The `async`/`await` keywords in C# provide convenient ways of managing resource-intensive applications, which are more common in front-end languages such as Javascript libraries. Methods that return `Task<T>` types can be crowned with the `async` keyword, and when calling these methods in a UI handler or service workflow, we can use the `await` on the methods to tell C# to yield the control back to its caller until the background job is finished. By yielding the control on resources-intensive calls, we are able to allow UI to be more responsive and make the service more elastic.
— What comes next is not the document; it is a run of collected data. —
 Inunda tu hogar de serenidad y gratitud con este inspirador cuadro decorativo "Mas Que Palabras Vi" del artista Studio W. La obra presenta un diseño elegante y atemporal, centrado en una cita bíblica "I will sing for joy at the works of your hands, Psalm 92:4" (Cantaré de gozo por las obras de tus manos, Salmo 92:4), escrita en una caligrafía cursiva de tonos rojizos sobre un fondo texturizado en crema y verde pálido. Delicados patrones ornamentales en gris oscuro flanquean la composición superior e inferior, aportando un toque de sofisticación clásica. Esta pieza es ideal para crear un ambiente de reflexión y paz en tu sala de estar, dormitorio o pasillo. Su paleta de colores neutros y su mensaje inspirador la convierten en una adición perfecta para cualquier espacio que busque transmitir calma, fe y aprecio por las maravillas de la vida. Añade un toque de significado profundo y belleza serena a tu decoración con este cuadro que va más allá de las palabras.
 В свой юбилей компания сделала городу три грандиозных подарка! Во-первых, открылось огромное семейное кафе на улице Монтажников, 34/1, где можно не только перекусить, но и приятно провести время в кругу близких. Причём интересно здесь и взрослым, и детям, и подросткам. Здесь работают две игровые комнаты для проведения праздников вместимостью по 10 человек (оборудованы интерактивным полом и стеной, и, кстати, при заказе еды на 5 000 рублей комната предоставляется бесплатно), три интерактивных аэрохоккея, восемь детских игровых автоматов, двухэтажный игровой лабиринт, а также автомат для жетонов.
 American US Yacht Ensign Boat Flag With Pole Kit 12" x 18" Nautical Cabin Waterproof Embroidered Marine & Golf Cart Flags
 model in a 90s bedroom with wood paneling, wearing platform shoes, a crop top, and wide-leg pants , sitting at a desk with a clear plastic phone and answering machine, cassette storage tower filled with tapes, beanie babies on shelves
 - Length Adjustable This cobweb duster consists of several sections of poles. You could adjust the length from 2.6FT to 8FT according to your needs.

The core of the `async` and `await` are the `Task<T>` class. When using it along with the `async` keyword as the return type of a method, we indicate that the method has promised to return an object of the `T` type (for methods that wouldn't return any value, use `Task` as the return type instead). `Task<T>` is a sophisticated topic of its own, for more information, please refer to the official documents: [Task Class](https://docs.microsoft.com/en-us/dotnet/api/system.threading.tasks.task?view=netframework-4.7.1).
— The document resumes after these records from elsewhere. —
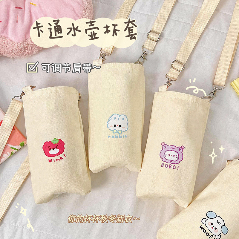かわいい漫画のポータブルウォーターカップバッグ、クロスボディカップカバー、ドーパミンカラーケトルバッグ、キャンバスウォーターカップ保護カバー
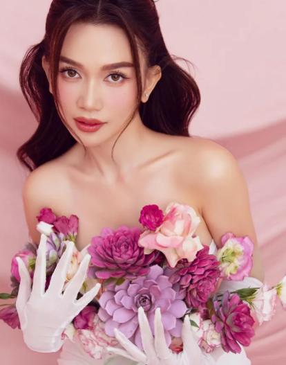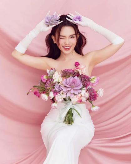 Background được trang trí với tone hồng cùng trang phục trung tính là trắng và be. Sĩ Thanh dùng sen đá làm áo tạo nên điểm độc đáo cho bộ ảnh.
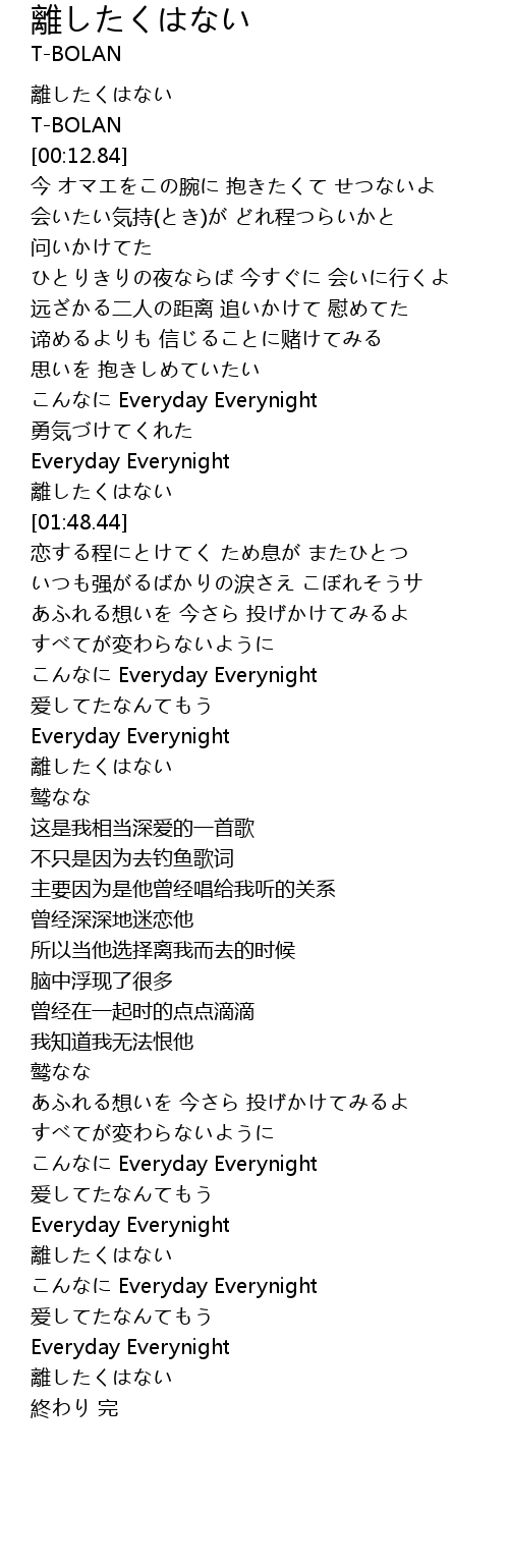 | [02:14.94] | あふれる想いを 今さら 投げかけてみるよ |
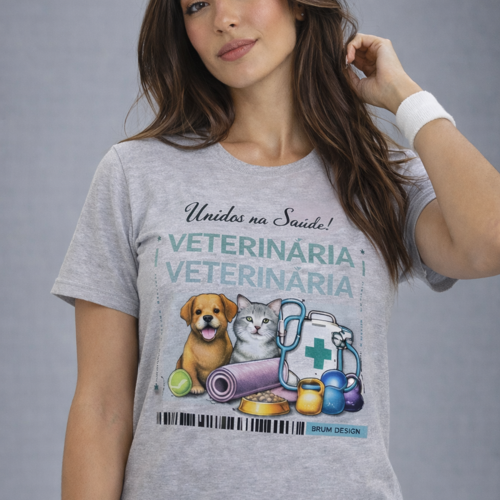 A camiseta Veterinária: Unidos na Saúde celebra a conexão entre profissional, animal e bem-estar, unindo o universo da veterinária ao lifestyle fitness. Uma peça que representa rotina ativa, dedicação e compromisso com a saúde em todas as suas formas.

Once encountering `async` methods, the work will be queued in a thread-pool for execution, while the caller will continue its execution without waiting on the return values from the `async` methods. However, in most occasions, our UI and service rely on the values returned from the `async` methods: for example, when we query a local database using the `async` methods, we would eventually want to know what are the query results and act on them, synchronously. This is where the `await` keyword shall be used: if using the `await` keyword when invoking an `async` method, the caller will pause the execution until a result is returned from the `async` method, and meanwhile, the parent method will continue execution without waiting on the caller to finish. With that said, any method that uses `await` keyword have to be an `async` function itself -- this is enforced by the C# compiler as well, if using Visual Studio to write your C# code, the IDE will warn you if a method violate the `async-await` contract.